A few hours later, there is a knock at the door. “I’ve had some complaints from the other guests,” says the manager of the inn. Behind her, the lamps are switched on in the hall. She wears a scarf of Black Watch tartan, and I want to tell her that I used to live in Scotland. My sister came to visit me there.

“The noise is disturbing them.”

“I’m sorry.” I have to lean on the door frame. I haven’t had anything to eat or drink today. Food is going to be a problem.

“Let me know if there’s anything you need,” she says. “I’m so sorry. It’s been such a difficult time. First Callum and now your sister.”

“Callum?”

“The young man from town, killed in an accident on the Bristol Road. He was only twenty-seven.”

I remember now. Rachel was one of his nurses. I consider sharing with the woman what Rachel told me about him, but decide against it.

• • •

At five, a constable collects me and we drive to Abingdon. In the interview room, Moretti says, “We haven’t been able to find your father. Are you in touch with him?”

“No.”

“Was Rachel in touch with him?”

“No.”

The heating pipes click in the ceiling above us. Outside the night is heavy with clouds. It is already snowing in Lancashire and Cumbria. The detective hasn’t asked about our mother. He must already know that she died a long time ago, soon after I was born.

“When did you last speak to your father?”

“Three years ago.”

“Does he have a history of violence?”

“No,” I say, though I’m not sure that’s entirely true. “He’s also frail. Rachel was much stronger than him. Do you have to tell him about her?”

“Yes.”

They will have a hard time finding him. He stopped collecting benefits after becoming suspicious of the government. Rachel had a postcard from him a few months ago saying he was in Blackpool, which I decide not to tell the detective.

“Have you spoken to Stephen yet?” I ask.

“He was at his restaurant all day.”

The news comes as a relief, and I feel disloyal for suspecting him. He adored her.

Moretti says, “What type of vehicle does your father drive?”

“He doesn’t drive anymore,” I say, and start to explain. He’s an alcoholic, though the word has always sounded too polished to describe him. Moretti must already know some of this. He has a record. Disorderly behavior, trespassing, burglary.

A constable knocks on the door, and Moretti excuses himself. I look into the incident room. One of the detectives is eating chips from a packet of foil and paper, and the air smells of vinegar.

I wish Fenno were with me, sitting on his haunches beside my chair. I want to rest my hand on his soft head. I gave him a bath on my last visit, cupping my hand over his eyes while rinsing the soap from his fur. When I wrapped him in a towel he leaned against me, and we stayed like that for a long time, the warm damp soaking through my shirt.

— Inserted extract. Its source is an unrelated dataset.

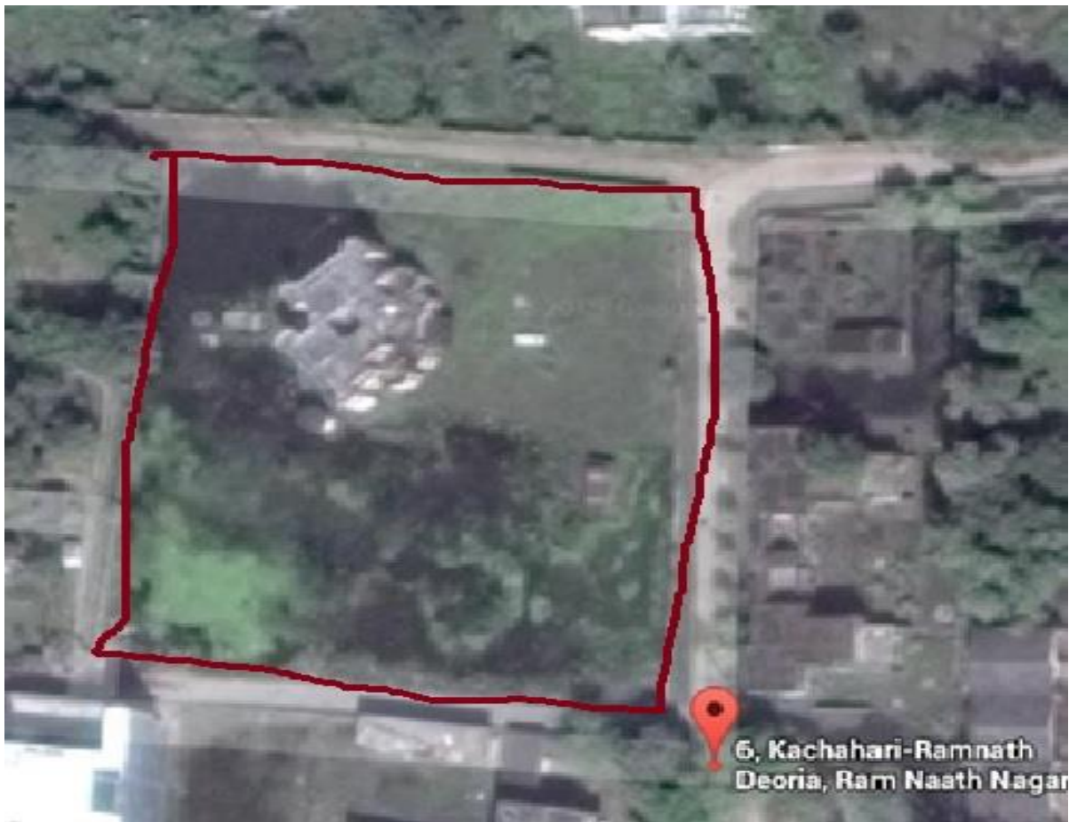
Figure: Project Site

The property is spread over a plot of 6,750 sq. mts. (1.66 acres) with a built -up area of 477 sq. mts. (5134.38 sq. ft.). Rahi Tourist Bungalow, Deoriya is a G+1 structure with 4 rooms. The building has reception, restauration, hall and kitchen. The property has large open space.

When Moretti returns, he says, “What we need from you now is an account of anything unusual in Rachel’s routine. It could be as small as a change in her route to work. Any new friends, a new activity.”

“I don’t know. She talked about joining a gym in Oxford so she could swim in the winter, but she hadn’t yet.”

“Anything else? Any changes at the hospital?”

“No.”

“Did she enjoy her work?”

“Yes, mostly.” She had a difficult time early in her career, when she was studying to become a nurse practitioner while already working as a registered nurse. She told me that she would bicycle home hoping someone would hit her so she could lie down. “She said it was demanding, but it satisfied her.”

Moretti studies me, and I wonder if I am trying his patience. Soon our interview will end, and I will have to leave. I can’t imagine what I will do next.